TMTPost -- Established Chinese automakers are ratcheting up their production capacities in European market.

Dongfeng Weighs Making 100,000 Cars a Year in Italy as Chinese Peer Chery Readies Automaking Deal in Spain

Credit:Dongfeng

Dongfeng Motor Corporation Ltd., one of of the "Big Four" state-owned car manufacturers in China, is weighing building a facility with annual capacity of more than 100,000 units in Italy, Bloomberg reported, citing Qian Xie, head of its operations in Europe. Dongfeng is in talks with the Italian government, which will offersome options for production sites in the next few weeks, Xie said in an interview in Milan.

The new plant could be a win-win for Dongfeng and Rome as the auto company is under pressure at home where demand for fossil fuel vehicles has been falling and Italy, home for Stellantis’ key brand Fiat, is lagging behind European peers in electric vehicle (EV) adoption. Xie suggested a plant located in Italy enables Dongfeng to take advantage of "all the strong legacy that the country has in the automotive industry." "Italy is one of Europe's largest automotive markets and for a Chinese carmaker having local production means that you can supply all other countries in the area," Xie said. He said while Dongfeng has a strong belief of an electric future, the company would need to focus on hybrid cars as of now for Italy.

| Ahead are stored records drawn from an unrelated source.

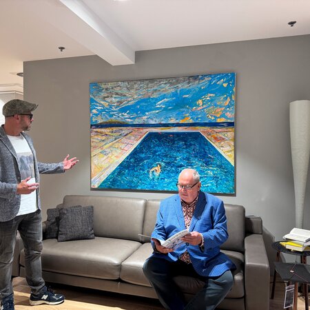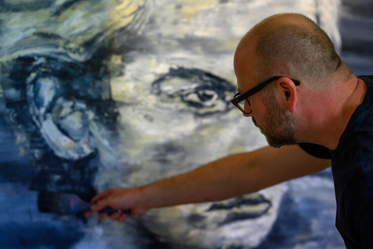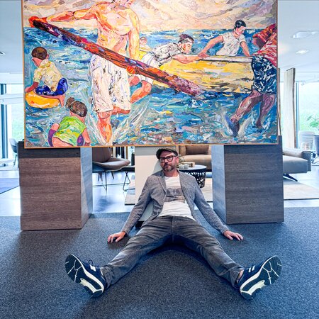 In der Ausstellung „zu Land und Wasser“ zeigt Andreas Dullnig Menschen in deren landschaftlichem Umfeld. Hier setzt sich der Künstler auch mit der „Selfie-Kultur“ kritisch auseinander. Ein wichtiges Thema im Schaffensprozess des Malers ist jedoch der künstlerische Prozess und die damit einhergehenden Entdeckungen neuer Methoden innerhalb der Malerei.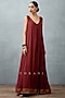 Featuring a red dress in slub silk base with bhagalpuri print and leheriya border.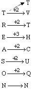 In a certain code language 'POULTRY' is written as 'PRQXNVTY'. How is 'TREASON' written in that code?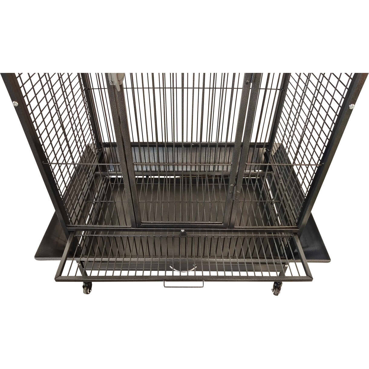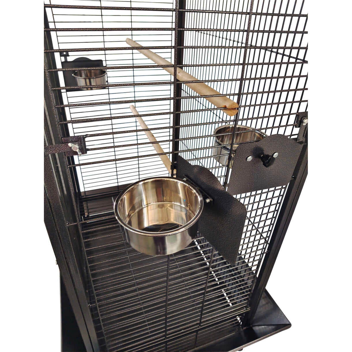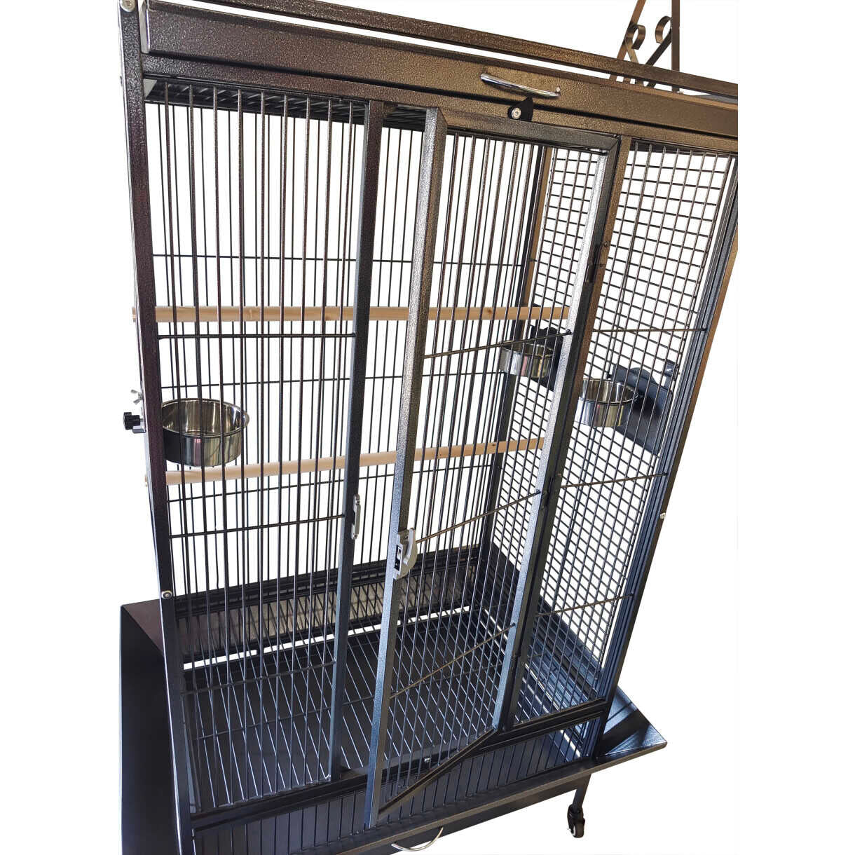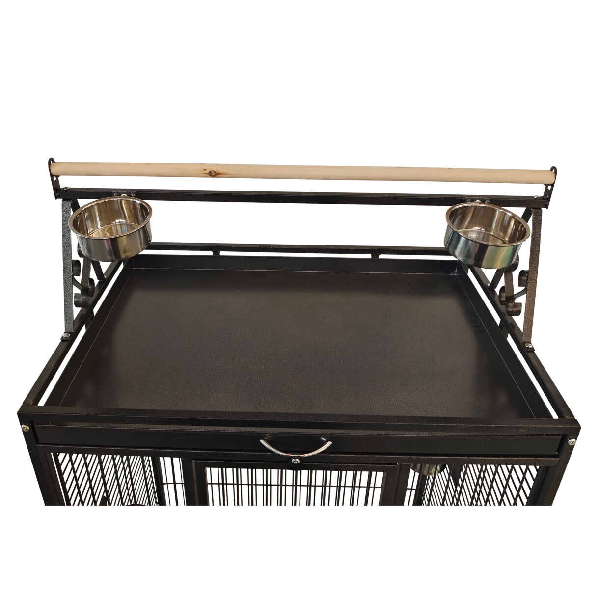 Et funktionelt og solidt bur med integreret legeplads på toppen – perfekt til aktive papegøjer. Leveres med fem rustfri stålskåle og tre siddepinde, som giver god variation og stimulering i hverdagen. Den tætte ståltrådsafstand og kraftige konstruktion sikrer både tryghed og holdbarhed.

The plan to produce vehicles in Italy, if it came true, would be Dongfeng’s next major effort to expand in Europe. In the beinning of this year, Dongfeng signed a coopeartion agreement with Spanish Salvador Caetano Group,the largest automotive group in the Iberian Peninsula. The two companies announced they will work together on VOYAH, Mhero and Dongfeng brand EVs in the Spanish and Portuguese markets in 2024. " Landing in the Iberian Peninsula means the opening of a new stage of Dongfeng European business. Since the first landing of VOYAH brand in Europe in 2022, Dongfeng has continued to expand its business territory. In the future, more Dongfeng series brands will be introduced to Europe to meet the diversified and multi-level travel needs,” said Ma Lei, General manager of the international business division of Dongfeng, at the signing ceremony in Wuhan, base of the company.

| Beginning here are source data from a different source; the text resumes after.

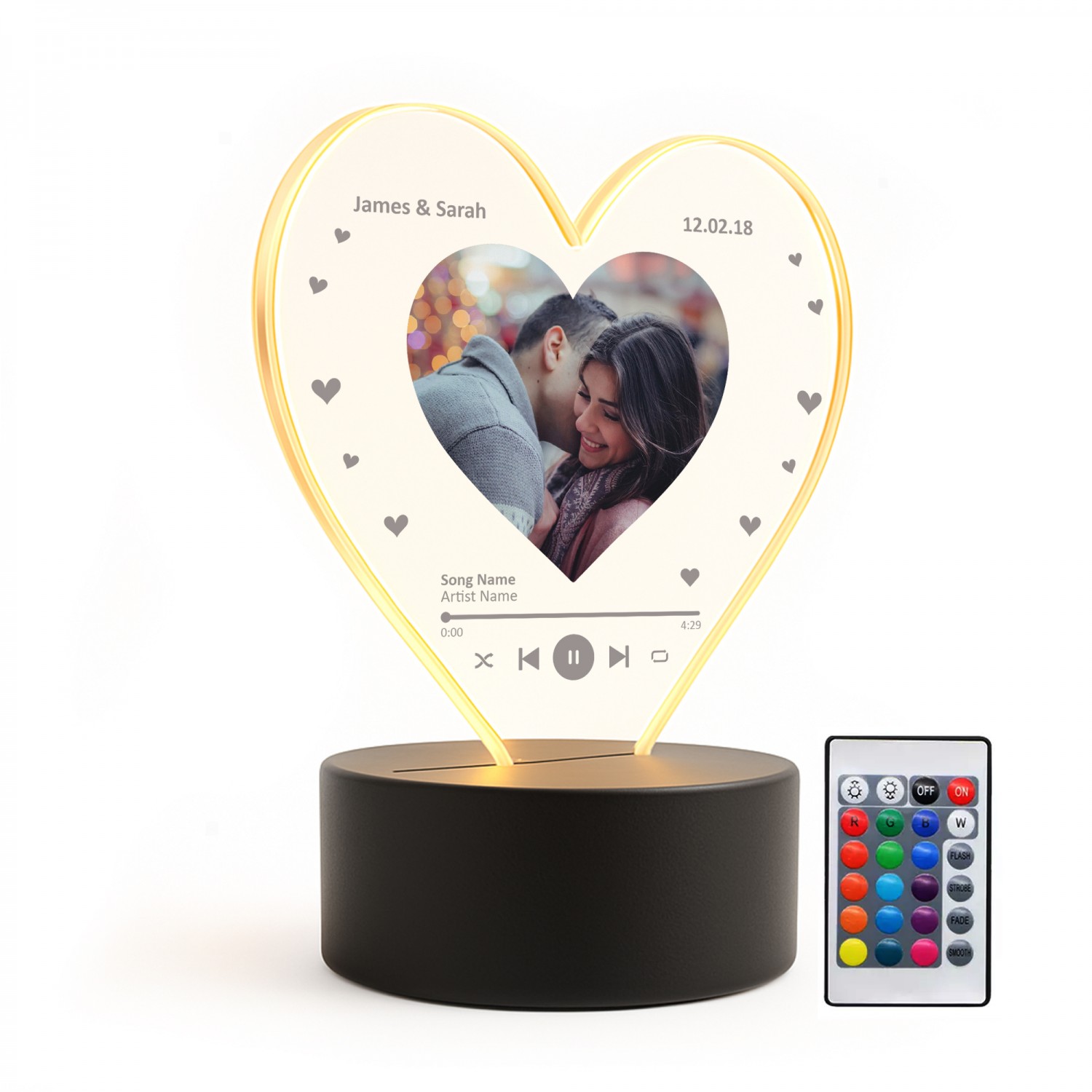 Custom LED Song Plaque - Personalised Heart-Shaped Music Display | 16-Colour Changing Light | Photo, Names, Date & Song Title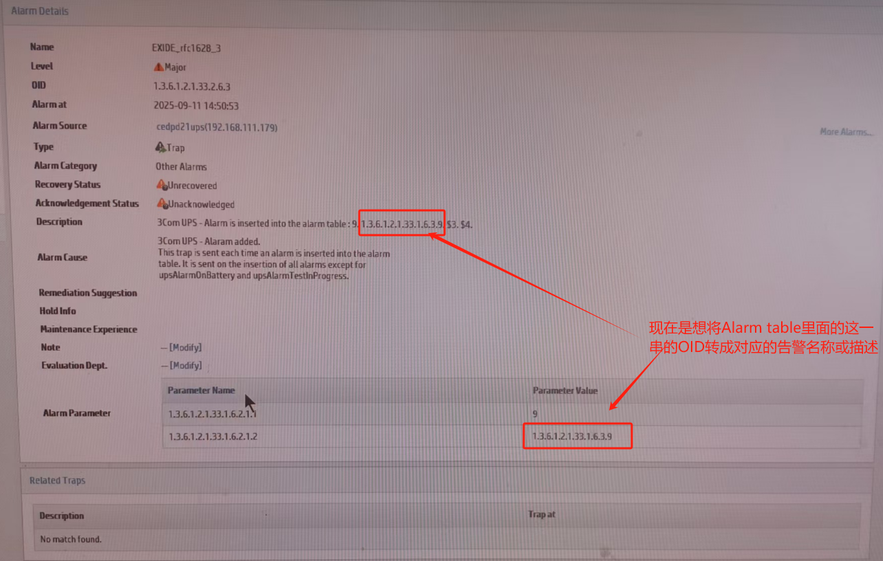 我们有套iMC 7.2的平台 连接ups(不间断电源系统),ups合用的是RFC1628的mib文件。但iMC平台出的告警只有一串数字(OID),要怎么设置才能显示这个告警的描述或者名称。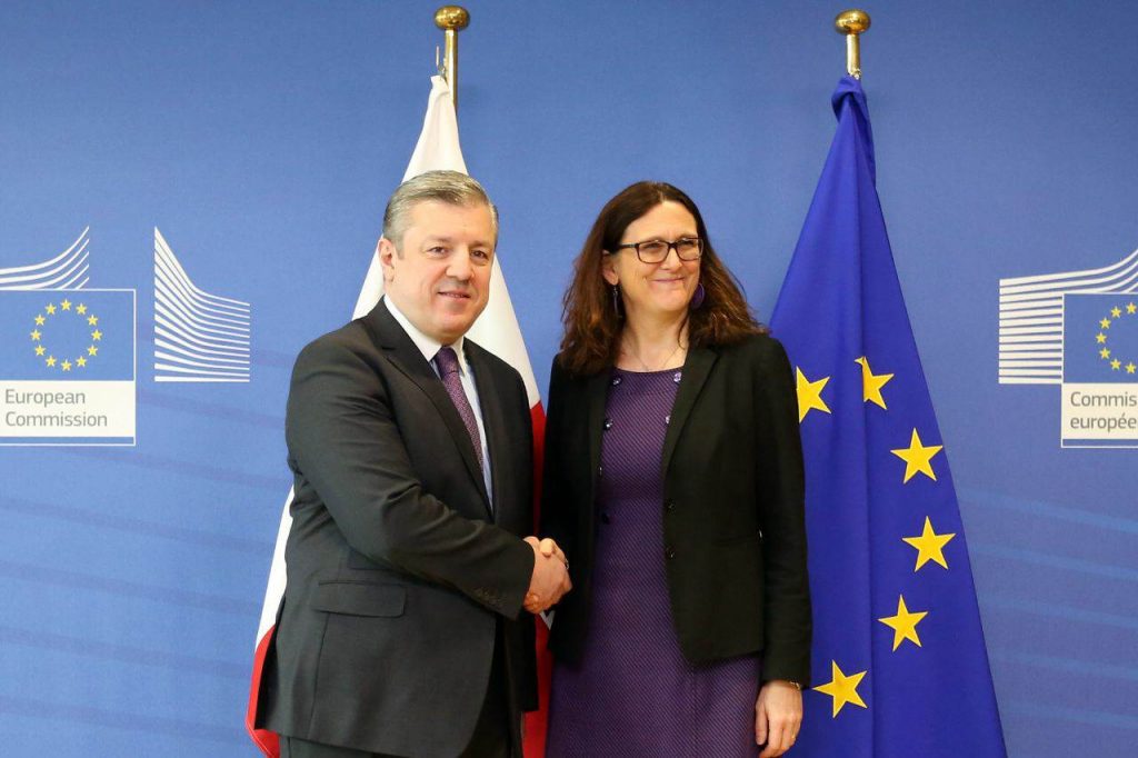 პრემიერ-მინისტრმა და ევროკომისარმა შეხვედრისას ასევე ისაუბრეს საქართველო-ევროკავშირის სავაჭრო-ეკონომიკურ ურთიერთობებზე, ღრმა და ყოვლისმომცველი თავისუფალი სავაჭრო სივრცის შესახებ შეთანხმებით გათვალისწინებული შესაძლებლობების გამოყენებაზე და ხაზი გაუსვეს ამ მიმართულებით არსებულ პროგრესს. განსაკუთრებით აღინიშნა საქართველოსა და ევროკავშირს შორის არსებული მზარდი სავაჭრო დინამიკა – კერძოდ, ის ფაქტი, რომ 2017 წლის განმავლობაში, საქართველოდან ევროკავშირის ქვეყნებში ექსპორტი 13%-ით გაიზარდა და ჯამში 647 მილიონი დოლარი შეადგინა.

Dongfeng’s consideration of new plant in Italy came as Chinese peer Chery Automobile Co. Ltd., gets ready for automaking in Spain, Europe's second-largest car producing nation after Germany. Chery signed a deal with Spainish company EV Motors to establish a joint venture. Through the venture, Chery will start production of its model Omoda in a former Nissan factory in Barcelona firs, and EV Motors, as the majority shareholder, will begin producing its own vehicles in the fourth quarter. “I see the step as a confirmation of Chery's clear commitment to Europe. This decision proves Chery has come to stay," said Jochen Tueting, managing director for Chery Europe. It’s unclear whether Spanish authorities had offered public aid to Chery, though Catalonia's government said it would finance training programs for Nissan's former workers to facilitate a quick transition.

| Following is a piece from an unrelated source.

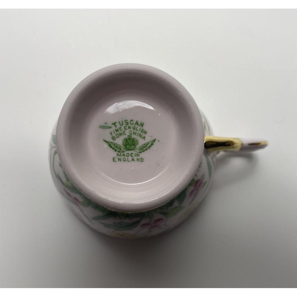 A VINTAGE TUSCAN fine none China pink based tea set 6 cups, saucers and side plates and milk and sugarApprox 20 pieces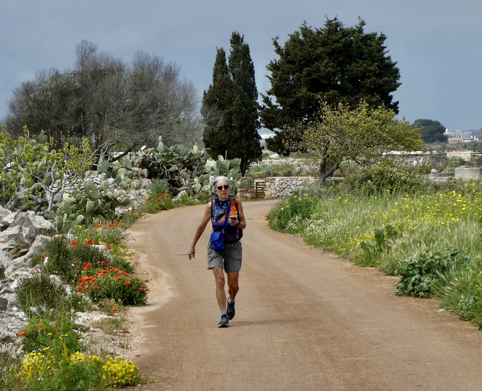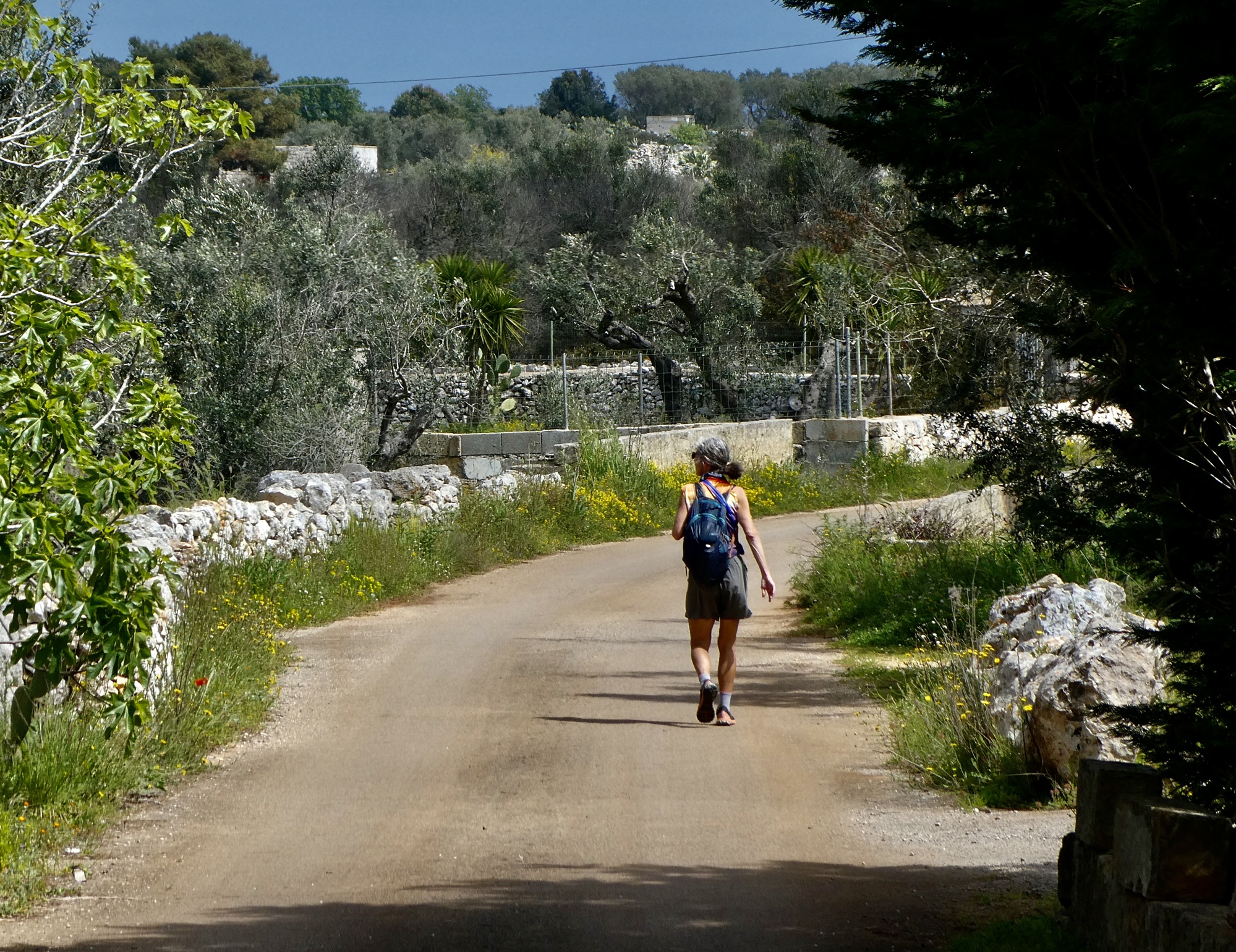 Leving the lighthouse behind, we walk more or less straight north up the peninsula. After climbing for about a half mile the route levels out into an open landscape characterized primarily by stone walls, lamie, and pagghiari. It’s an out and back, so walkers are free to set their own pace.

Chinese EV startup Zhejiang Leapmotor Technologies Ltd. Is also on the track to make vehicles in Europe through its partnership with Stellantis NV, the second largest European automobile manufacturer by sales. Stellantis said last October that it will spend 1.5 billion euros (US$1.58 billion) to acquire a stake of about 20% in Leapmotor. The two companies are going to set up a joint venture, in which Stellantis will own a 51% stake and have the exclusive rights for the export, sale and production of Leapmotor vehicles outside Greater China. The venture is expected to begin shipments in the second half of 2024 starting in Europe, aiming to sell 500,000 units outside of China by 2030, according to Stallantis’ presentation about earnings in the third quarter of 2023. It said Leapmotor targets sales of 1 million units annually in China in the long run, capitalizing on position as tech-led, pure-EV domestic leader. It expected the venture will have no material impact to Stellantis’ industry-leading adjusted operating income (AOI) margins.